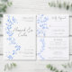 Elementos: uma videira elegante no estilo da pintura de porcelana vintage. Os nomes aparecem em um script moderno; outros detalhes em fontes clássicas de serifa Cores: azul, azul de porcelana, azul delft, azul francês, cinza. Temas: elegante, moderno, minimalista, jardim, sutil, leve, areia, eterno, safra. Coleção: Mínimo Elegante Porcelain Floral Chinoiserie Tipo de Produto da Coleção de Casamentos: Cartão de Mesa
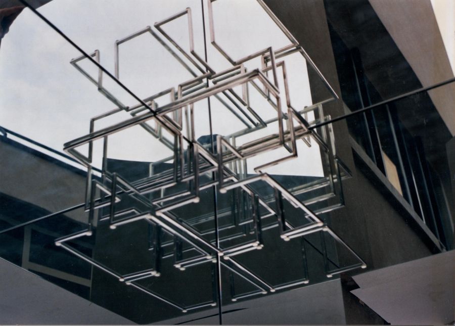 Cubic labyrinth on mirror, 1996. Steel, 60x60x60 cm
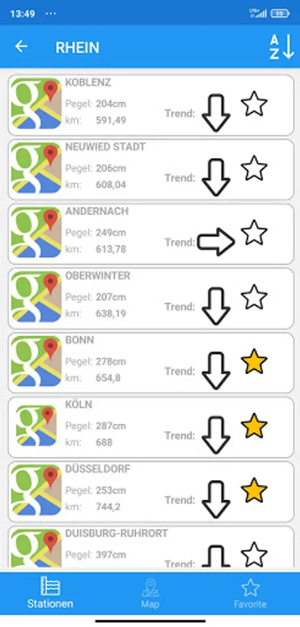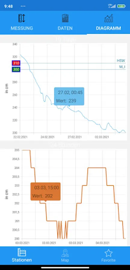 Uses the data from www.pegelonline.wsv.de
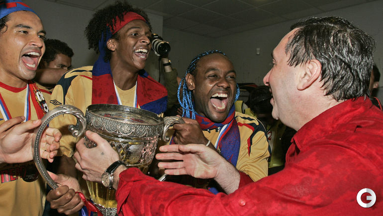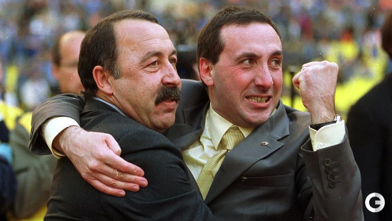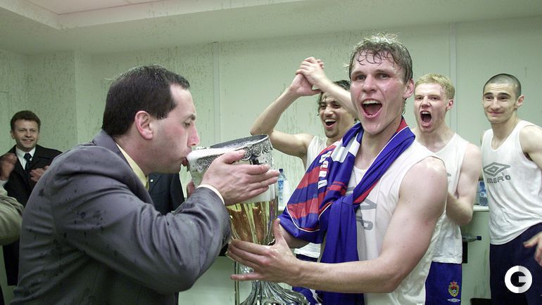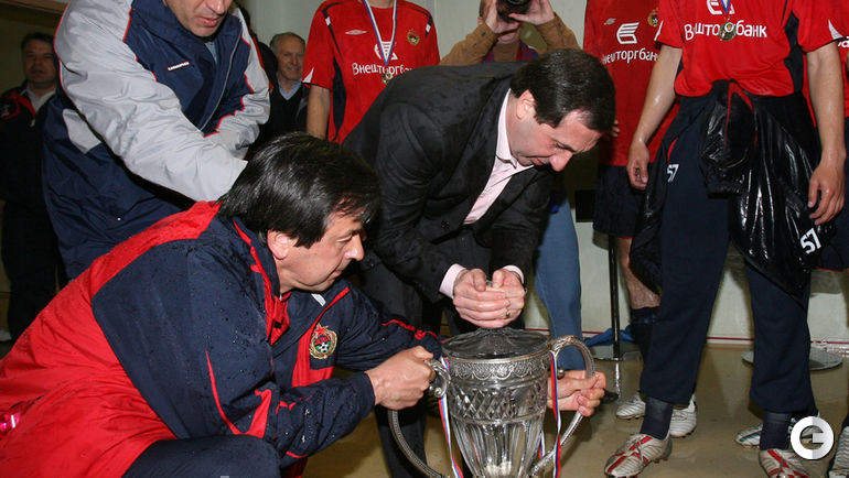 2002 год. Евгений ГИНЕР (справа) вместе с главным тренером ЦСКА Валерием ГАЗЗАЕВЫМ празднует первый крупный успех армейцев в 21 веке - победу в Кубке России. В финале со счетом 2:0 обыгран "Зенит". Фото Александр ВИЛЬФ
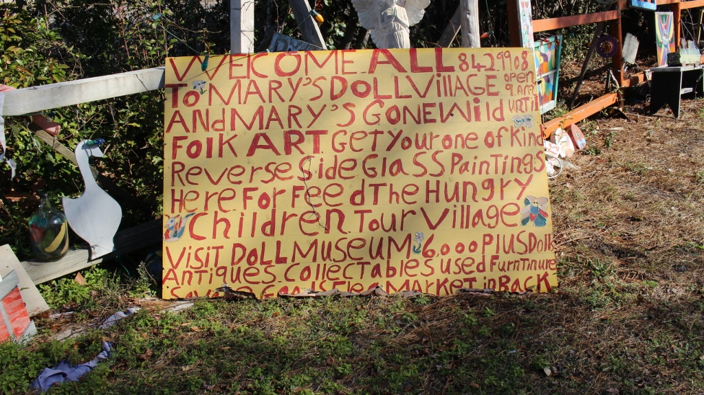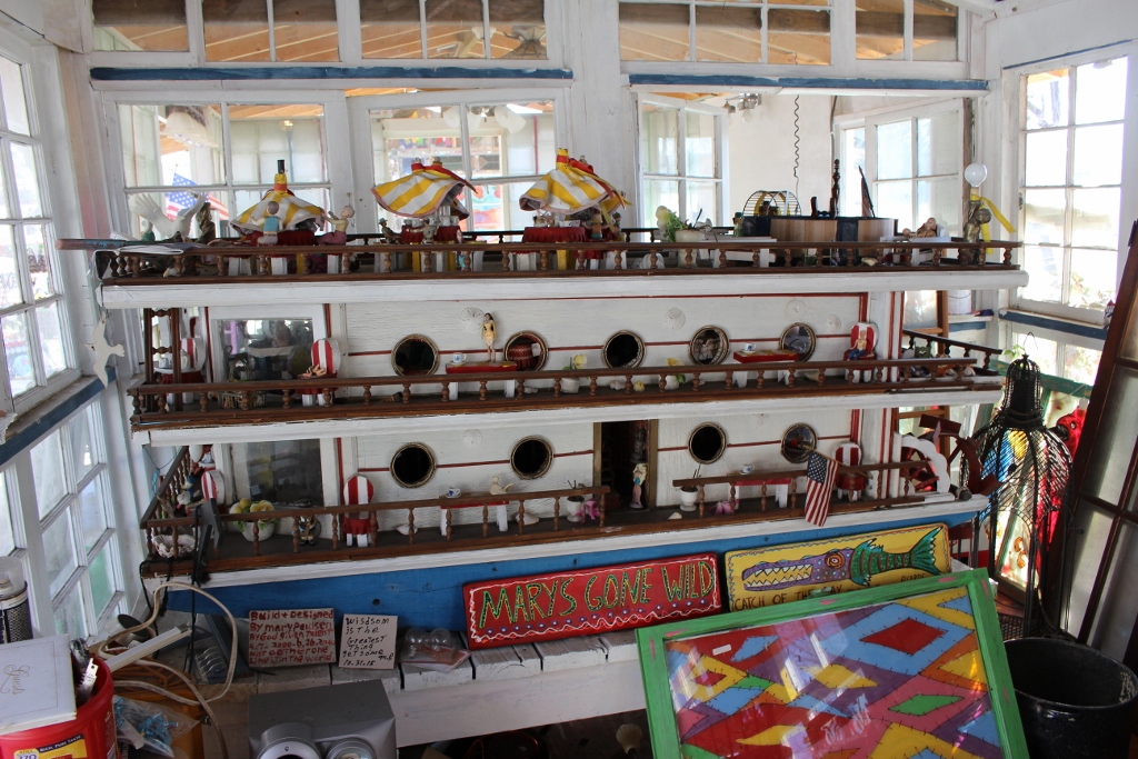 Mary’s Gone Wild is a folk art museum, located on a back road a few miles north of Holden Beach. Owner, artist and Brunswick County native Mary Paulsen has welcomed people from around the world to see her artwork. Paulsen produces two different and distinctive types of work: painted antique glass windows and what she calls “bottle houses,” structures built almost entirely from glass bottles.
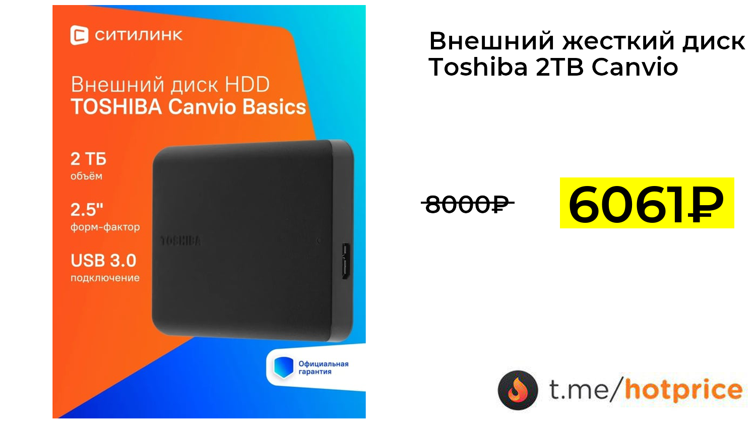 🔹 Внешний жесткий диск Toshiba 2TB Canvio Basics (с WB кошельком) за 6061₽ ❗️ (везде: 8000+₽)

=======

Where a record holds a picture, leave the picture out and restate the rest word for word.

» Response for this exercise:
 Elementos: uma videira elegante no estilo da pintura de porcelana vintage. Os nomes aparecem em um script moderno; outros detalhes em fontes clássicas de serifa Cores: azul, azul de porcelana, azul delft, azul francês, cinza. Temas: elegante, moderno, minimalista, jardim, sutil, leve, areia, eterno, safra. Coleção: Mínimo Elegante Porcelain Floral Chinoiserie Tipo de Produto da Coleção de Casamentos: Cartão de Mesa
 Cubic labyrinth on mirror, 1996. Steel, 60x60x60 cm
 Uses the data from www.pegelonline.wsv.de
 2002 год. Евгений ГИНЕР (справа) вместе с главным тренером ЦСКА Валерием ГАЗЗАЕВЫМ празднует первый крупный успех армейцев в 21 веке - победу в Кубке России. В финале со счетом 2:0 обыгран "Зенит". Фото Александр ВИЛЬФ
 Mary’s Gone Wild is a folk art museum, located on a back road a few miles north of Holden Beach. Owner, artist and Brunswick County native Mary Paulsen has welcomed people from around the world to see her artwork. Paulsen produces two different and distinctive types of work: painted antique glass windows and what she calls “bottle houses,” structures built almost entirely from glass bottles.
 🔹 Внешний жесткий диск Toshiba 2TB Canvio Basics (с WB кошельком) за 6061₽ ❗️ (везде: 8000+₽)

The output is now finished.